Singer Greg Attonito was a consummate showman, playfully dancing around the stage during each song. The Bouncing Souls have always been a fun live band, and this day’s set was no different. Their song “That Song” was one of the highlights, with the audience singing along throughout. It felt like a fitting summation of the vibe for the day, with the lyrics: And in the end what have we learned? Are we just faces in the crowd? I died and was reborn again today. Hold fast to myself. Make these good feelings stay. On a pleasantly cool Arizona spring day, it felt like many of us were reborn in those moments of community.
Me First And The Gimme Gimmes
“We’re not a cover band,” declared lead singer Spike Slawson, “We are THE cover band!” For the uninitiated, Me First and the Gimme Gimmes are like punk-rock karaoke. They are a supergroup, with a rotating cast of members including Slawson of Re-Volts and Swignin’ Utters, Joey Cape and Dave Raun from Lagwagon pulling double duty, Fat Mike, and CJ Ramone. They will cover any genre of music, with the songs poured through their unique filter.
Opening with “Different Drum,” written by the late Mike Nesmith of The Monkees and made famous by Linda Rondstadt, they followed it with “Sloop John B” and a three-song country superset of Dolly Parton’s “Jolene,” Willie Nelson’s “On the Road Again,” and John Denver’s “Country Roads,” with Fat Mike coming out to sing on the songs. With no set genre they will pull from, the set is full of surprises because every song is unexpected. Where else are you going to get Paul Simon’s “Me and Julio Down by the Schoolyard” followed by CJ Ramone singing Paula Abdul’s “Straight Up”? Only at a Me First and the Gimme Gimmes concert.

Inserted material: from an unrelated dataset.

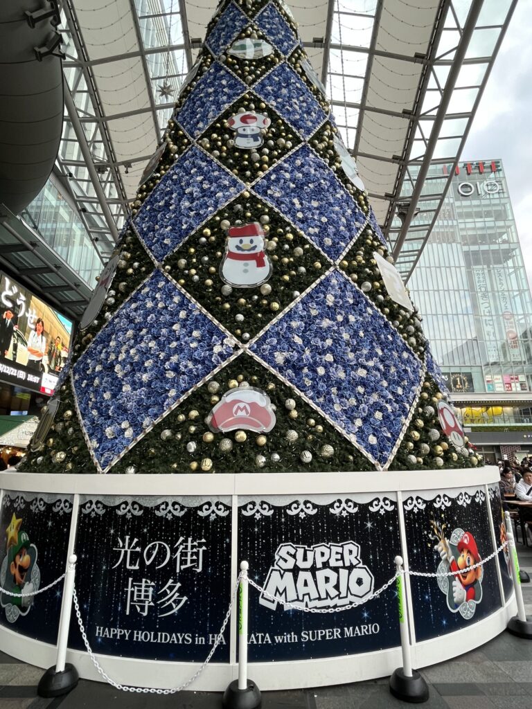 ここにもマリオが、、、 Uncategorized 2025.12.21 クリスマス直前の日曜日。 予想どおり博多駅も賑わっています。博多口のツリーも、日が暮れると綺麗なイルミネーションで楽しませてくれるのだと思います。 よく見るとマリオ、ピーチ姫(だったかな?)がいた! 今、JR九州がスーパーマリオとコラボしてるもんね。 ツリーの一番上の部分が入ってない、、、、座って撮れば良かった、、、
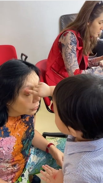 មើលទៅក្មេងៗដូចជាសប្បាយខ្លាំងណាស់ សើចសប្បាយចូលចិត្តតែងមុខឲ្យម៉ាក់យាយ លោកយាយក៏ស្រលាញ់ឆ្នូតមុខដែលក្មេងគូស ទើបព្រមឲ្យគូវាសពេញមុខ។

They closed their night with a rousing rendition of Elton John’s “Rocket Man.”
To close out the night was NOFX, fronted by Punk in Drublic founder Mike “Fat Mike” Burkett. Though their live album I Heard They Suck Live!! might set certain expectations for anyone who has never witnessed a NOFX concert, they make each show unique from any other they’ve played before.
Not to veer into politics, but it can be reasonably inferred by the t-shirts and buttons you see around the festival exactly what the political leanings are of a punk-rock crowd. Regardless, Fat Mike opened their set with “Greetings Republicans!” Throughout their set, he continued to playfully troll the crowd, from saying the only thing Arizona got right was doing away with daylight savings, to telling the crowd the only good thing to ever come out of the state was stand-up comic Doug Stanhope. Mike even attempted to call Stanhope from the stage, but the call went to voicemail.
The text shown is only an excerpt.